Two alloys with different concentration would be put into contact, and annealed at a given temperature for a given time t, typically several hours; the sample is then cooled to ambient temperature, and the concentration profile is virtually "frozen". The concentration profile c at time t can then be extracted as a function of the x coordinate.

In Matano's notation, the two concentrations are indicated as c_{L} and c_{R} (L and R for left and right, as shown in most diagrams), with the implicit assumption that c_{L} > c_{R}; this is however not strictly necessary as the formulas hold also if c_{R} is the larger one.
The initial conditions are:
$c=c_L \qquad \forall x<0$
$c=c_R \qquad \forall x>0$
Also, the alloys on both sides are assumed to stretch to infinity, which means in practice that they are large enough that the concentration at their other ends is unaffected by the transient for the entire duration of the experiment.

To extract D from Boltzmann's formulation above, we integrate it from ξ=+∞, where c=c_{R} at all times, to a generic ξ^{*}; we can immediately simplify dξ, and with a change of variables we get:
$-2\int_{c_R}^{c^*} \xi \mathrm{d}c = \int_{c=c_R}^{c=c^*} \mathrm{d}\left[ D(c)\left(\frac{\mathrm{d}c}{\mathrm{d}\xi}\right)\right]$

We can translate ξ back into its definition and bring the t terms out of the integrals, as t is constant and given as the time of annealing in the Matano method; on the right-hand side, extraction from the integral is trivial and follows from definition.
$-\frac{1}{2 t} \int_{c_R}^{c^*} x \mathrm{d}c = \left[ D(c)\left(\frac{\mathrm{d}c}{\mathrm{d}x}\right)\right]_{c=c_R}^{c=c^*}$

We know that dc/dx → 0 as c → c_{R}, that is the concentration curve "flattens out" when approaching the limit concentration value.
We can then rearrange:
$D(c^*) = - \frac{1}{2 t} \frac{\int^{c^*}_{c_R} x \mathrm{d}c}{(\mathrm{d}c/\mathrm{d}x)_{c=c^*}}$

Knowing the concentration profile c(x) at annealing time t, and assuming it is invertible as x(c), we can then calculate the diffusion coefficient for all concentrations between c_{R} and c_{L}.

=== The Matano interface ===
The last formula has one significant shortcoming: no information is given about the reference according to which x should be measured.
It was not necessary to introduce one as Boltzmann's transformation worked fine without a specific reference for x; it is easy to verify that the Boltzmann transformation holds also when using x-X_{M} instead of plain x.

X_{M} is often indicated as the Matano interface, and is in general not coincident with x=0: since D is in general variable with concentration c, the concentration profile is not necessarily symmetric.
Introducing X_{M} in the expression for D(c^{*}) above, however, introduces a bias that appears to make the value of D completely an arbitrary function of which X_{M} we choose.

X_{M}, however, can only assume one value due to physical constraints.
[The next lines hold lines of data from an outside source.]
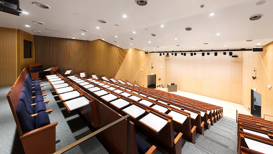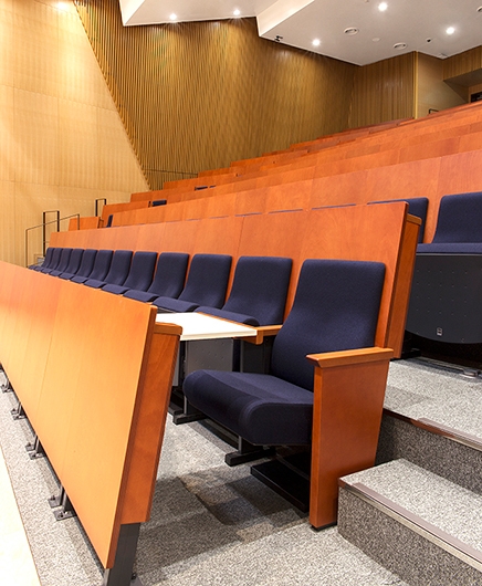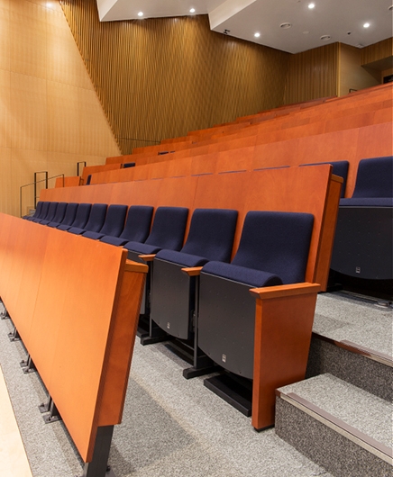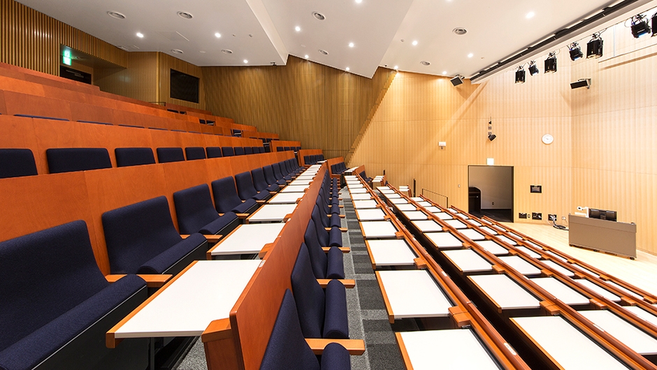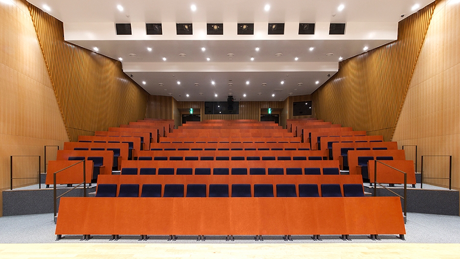 ホールは、客席194席を有し、貸出施設として利用される予定です。各席にはA3サイズの大型タブレットが備えられているため筆記を伴う聴講に対応できます。また、1人当たりの座席幅は550mmとゆとりを持った仕様となっています。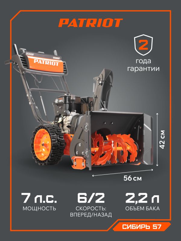 Бензиновый снегоуборщик Patriot Сибирь 57, 426108657: эффективное решение для удаления снега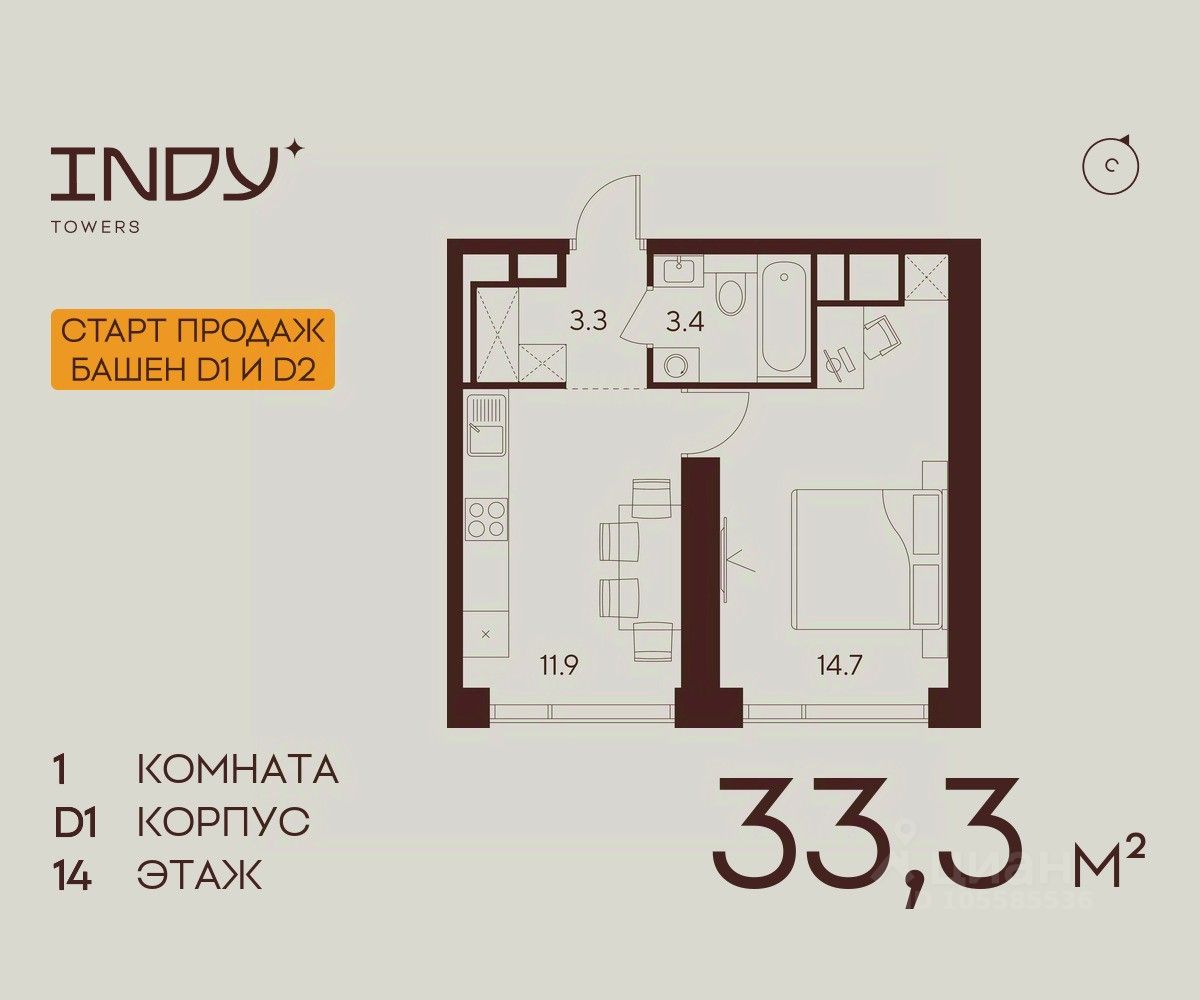 Продается уютная однокомнатная квартира на 14 этаже жилого комплекса Indy Towers. Срок сдачи: 3 кв. 2029 г.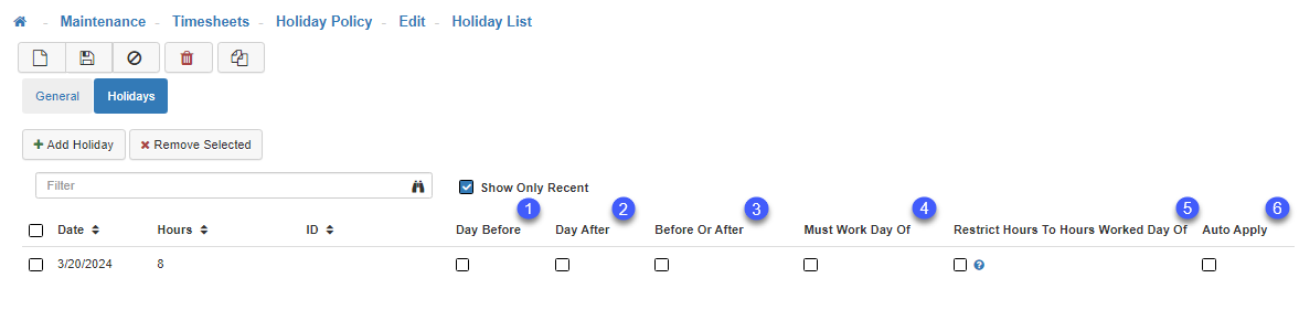 You’ve successfully run the Holiday Pay process, but aren’t seeing the Holiday populate in the Timesheets where you’d expect? The first step is to navigate into the Holiday Policy Maintenance by going to Maintenance > Timesheets > Holiday Policy. This will allow you to review the Holiday Policies that are set up in your system. Once you’ve selected the policy you’d like to review click the ‘Holidays’ tab. The boxes within each of the columns numbered below, if checked, are the requirements that are enabled that an Employee must accomplish to qualify to receive that Holiday.

Since the denominator term dc/dx goes to zero for c → c_{L} (as the concentration profile flattens out), the integral in the numerator must also tend to zero in the same conditions. If this were not the case D(c_{L}) would tend to infinity, which is not physically meaningful. Note that, strictly speaking, this does not guarantee that D does not tend to infinity, but it is one of the necessary conditions to ensure that it does not.
The condition is then:
$0 = \int^{c_L}_{c_R} (x-X_M) \mathrm{d}c$
$X_M = \frac{1}{c_L-c_R} \int^{c_L}_{c_R} x \mathrm{d}c$

In other words, X_{M} is the average position weighed on concentrations, and can be easily found from the concentration profile providing it is invertible to the form x(c).

== Sources ==
- M. E. Glicksman, Diffusion in Solids: Field Theory, Solid-State Principles, and Applications, Wiley, New York, 2000.
- Matano, Chujiro. "On the Relation between the Diffusion-Coefficients and Concentrations of Solid Metals (The Nickel-Copper System)". Japanese Journal of Physics. Jan. 16, 1933.